Through the tempest and the haze of Time, he could make out another TARDIS on the outskirts of the Cascade. This TARDIS, a mirror image of his own, was hovering over the mending timelines, the doors open for its occupants to observe the mystifying scene. He could distinguish who he knew to be a potential version of himself. Beside him stood the woman who had now woven herself into nearly every thread of his existence in some form or fashion.

Rose.

He almost imagined that her eyes actually met his from across the divide. It was as if she was really seeing him, was really there, rather than a mere filament of potential. She appeared to speak, though the words eluded him. He saw the image of his own self turn to her, whisper in her ear, then draw back. She smiled, a heart-stopping smile, then stepped back and closed the doors of the ship. It vanished, lost amid the swirl of possibilities.

For a moment he could barely breathe. His mind began to whirl as he considered the prospective significance of this fleeting glimpse. At this point, dare he even hope?
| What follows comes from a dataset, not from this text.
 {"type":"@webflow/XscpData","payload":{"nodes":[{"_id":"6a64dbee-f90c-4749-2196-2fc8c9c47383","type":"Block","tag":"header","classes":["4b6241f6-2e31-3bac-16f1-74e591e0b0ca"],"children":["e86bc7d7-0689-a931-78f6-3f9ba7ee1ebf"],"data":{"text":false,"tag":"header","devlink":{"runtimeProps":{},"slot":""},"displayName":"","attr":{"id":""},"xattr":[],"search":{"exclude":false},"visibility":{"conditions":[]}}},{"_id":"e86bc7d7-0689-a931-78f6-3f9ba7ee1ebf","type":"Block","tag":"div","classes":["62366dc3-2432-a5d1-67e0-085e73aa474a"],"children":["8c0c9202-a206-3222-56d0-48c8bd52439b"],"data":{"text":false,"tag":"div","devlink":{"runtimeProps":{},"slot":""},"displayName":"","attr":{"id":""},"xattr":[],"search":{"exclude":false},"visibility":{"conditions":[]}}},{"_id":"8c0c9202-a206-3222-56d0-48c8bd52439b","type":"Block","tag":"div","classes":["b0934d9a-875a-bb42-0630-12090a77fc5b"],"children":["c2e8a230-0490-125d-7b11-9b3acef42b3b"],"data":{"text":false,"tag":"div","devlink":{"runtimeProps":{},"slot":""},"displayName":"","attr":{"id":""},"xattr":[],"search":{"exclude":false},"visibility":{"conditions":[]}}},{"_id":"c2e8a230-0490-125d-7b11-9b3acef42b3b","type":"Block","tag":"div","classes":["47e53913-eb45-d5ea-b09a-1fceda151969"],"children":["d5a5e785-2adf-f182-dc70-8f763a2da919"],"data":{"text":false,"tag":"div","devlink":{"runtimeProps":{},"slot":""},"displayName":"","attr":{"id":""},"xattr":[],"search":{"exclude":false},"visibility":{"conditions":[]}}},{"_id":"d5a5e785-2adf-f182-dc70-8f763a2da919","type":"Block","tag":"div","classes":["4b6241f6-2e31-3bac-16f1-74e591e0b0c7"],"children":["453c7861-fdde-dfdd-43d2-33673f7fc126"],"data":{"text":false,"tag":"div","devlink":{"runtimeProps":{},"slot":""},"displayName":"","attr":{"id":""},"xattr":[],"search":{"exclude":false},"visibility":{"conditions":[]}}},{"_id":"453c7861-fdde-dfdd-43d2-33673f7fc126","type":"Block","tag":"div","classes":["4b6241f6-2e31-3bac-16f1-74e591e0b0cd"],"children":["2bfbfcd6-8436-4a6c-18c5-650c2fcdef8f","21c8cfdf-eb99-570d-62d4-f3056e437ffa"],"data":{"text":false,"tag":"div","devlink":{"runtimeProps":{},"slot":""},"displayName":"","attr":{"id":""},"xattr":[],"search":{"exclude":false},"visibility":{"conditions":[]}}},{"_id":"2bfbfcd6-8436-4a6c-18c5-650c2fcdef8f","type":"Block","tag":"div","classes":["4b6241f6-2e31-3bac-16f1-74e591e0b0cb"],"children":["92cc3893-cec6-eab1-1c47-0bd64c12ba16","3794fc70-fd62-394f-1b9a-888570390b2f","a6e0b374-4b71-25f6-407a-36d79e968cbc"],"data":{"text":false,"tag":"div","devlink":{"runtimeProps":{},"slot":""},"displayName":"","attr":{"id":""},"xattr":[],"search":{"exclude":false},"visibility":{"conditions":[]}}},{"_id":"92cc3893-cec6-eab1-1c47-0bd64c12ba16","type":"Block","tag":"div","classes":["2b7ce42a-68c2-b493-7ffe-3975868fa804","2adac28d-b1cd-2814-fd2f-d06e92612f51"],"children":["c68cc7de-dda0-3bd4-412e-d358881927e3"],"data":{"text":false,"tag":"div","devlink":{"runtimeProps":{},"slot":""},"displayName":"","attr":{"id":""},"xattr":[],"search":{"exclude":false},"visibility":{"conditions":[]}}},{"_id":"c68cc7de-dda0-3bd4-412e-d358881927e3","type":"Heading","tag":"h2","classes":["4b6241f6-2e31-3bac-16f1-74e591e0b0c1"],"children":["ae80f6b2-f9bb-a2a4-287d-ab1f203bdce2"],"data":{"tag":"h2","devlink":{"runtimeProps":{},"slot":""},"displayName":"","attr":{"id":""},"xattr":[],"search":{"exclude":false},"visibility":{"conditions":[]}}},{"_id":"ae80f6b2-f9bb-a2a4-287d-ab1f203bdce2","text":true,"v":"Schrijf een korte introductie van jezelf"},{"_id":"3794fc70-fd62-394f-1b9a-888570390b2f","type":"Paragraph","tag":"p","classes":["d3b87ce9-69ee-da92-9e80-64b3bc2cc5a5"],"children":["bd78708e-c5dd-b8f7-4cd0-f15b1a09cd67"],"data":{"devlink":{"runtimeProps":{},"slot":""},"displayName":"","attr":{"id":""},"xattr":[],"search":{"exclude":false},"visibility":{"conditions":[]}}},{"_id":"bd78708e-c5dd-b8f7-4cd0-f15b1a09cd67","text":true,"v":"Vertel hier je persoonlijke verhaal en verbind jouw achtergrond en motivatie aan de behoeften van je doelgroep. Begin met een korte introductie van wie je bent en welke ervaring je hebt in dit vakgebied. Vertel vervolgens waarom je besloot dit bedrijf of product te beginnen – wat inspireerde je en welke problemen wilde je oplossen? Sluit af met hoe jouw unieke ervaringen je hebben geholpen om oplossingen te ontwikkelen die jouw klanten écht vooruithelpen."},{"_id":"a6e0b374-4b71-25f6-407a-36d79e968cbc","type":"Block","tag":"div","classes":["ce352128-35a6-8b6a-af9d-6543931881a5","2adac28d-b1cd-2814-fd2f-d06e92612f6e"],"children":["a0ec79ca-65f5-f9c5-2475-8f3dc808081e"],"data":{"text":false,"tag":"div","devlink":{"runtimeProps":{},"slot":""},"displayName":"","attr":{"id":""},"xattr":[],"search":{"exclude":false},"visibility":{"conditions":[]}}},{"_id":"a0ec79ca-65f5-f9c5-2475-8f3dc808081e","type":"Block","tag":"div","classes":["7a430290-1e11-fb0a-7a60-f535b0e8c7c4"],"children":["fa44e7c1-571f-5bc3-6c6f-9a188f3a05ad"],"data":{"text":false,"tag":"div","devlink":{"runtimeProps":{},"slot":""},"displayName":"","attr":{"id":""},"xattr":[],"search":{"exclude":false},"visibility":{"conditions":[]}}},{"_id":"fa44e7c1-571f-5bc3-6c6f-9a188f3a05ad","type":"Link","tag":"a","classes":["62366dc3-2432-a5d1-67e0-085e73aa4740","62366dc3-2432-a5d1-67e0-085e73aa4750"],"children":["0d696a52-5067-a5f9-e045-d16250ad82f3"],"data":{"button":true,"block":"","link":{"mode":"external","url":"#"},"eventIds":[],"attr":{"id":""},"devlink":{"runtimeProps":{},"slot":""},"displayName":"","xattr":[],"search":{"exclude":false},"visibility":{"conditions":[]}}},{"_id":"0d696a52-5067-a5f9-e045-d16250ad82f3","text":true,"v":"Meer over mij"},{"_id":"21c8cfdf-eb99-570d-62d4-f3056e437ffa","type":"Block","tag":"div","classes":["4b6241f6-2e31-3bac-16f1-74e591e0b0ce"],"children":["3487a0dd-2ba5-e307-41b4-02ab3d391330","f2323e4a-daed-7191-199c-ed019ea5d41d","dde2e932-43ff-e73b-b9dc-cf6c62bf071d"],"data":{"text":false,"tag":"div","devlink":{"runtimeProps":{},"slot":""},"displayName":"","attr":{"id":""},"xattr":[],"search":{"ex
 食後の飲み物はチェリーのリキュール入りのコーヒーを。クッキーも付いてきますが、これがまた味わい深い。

The Doctor staggered back and closed the doors to his own ship. Even for a Time Lord, seeing the raw confusion of endless future prospects any longer would have been enough to drive him mad.

He had absolutely no way of knowing what tomorrow would bring. Or the next day, or the next. All he could do was put one foot in front of the other and attempt to go on. He had been doing it for so many centuries and grown weary of the process. But through all this, Rose had reminded him of its great importance and held him accountable for doing just that. Perhaps his actions had served one definite purpose after all.

He would move on.

And no matter where his steps would lead him throughout all of Time, no matter which possible future timeline would become an unchangeable fact, Rose would be with him still. If not by his side, then in his hearts. Always.

On this day, the Doctor finally moved onwards. Because sometimes, even for those with all of Time seemingly at their command, the only direction that could be taken was forward.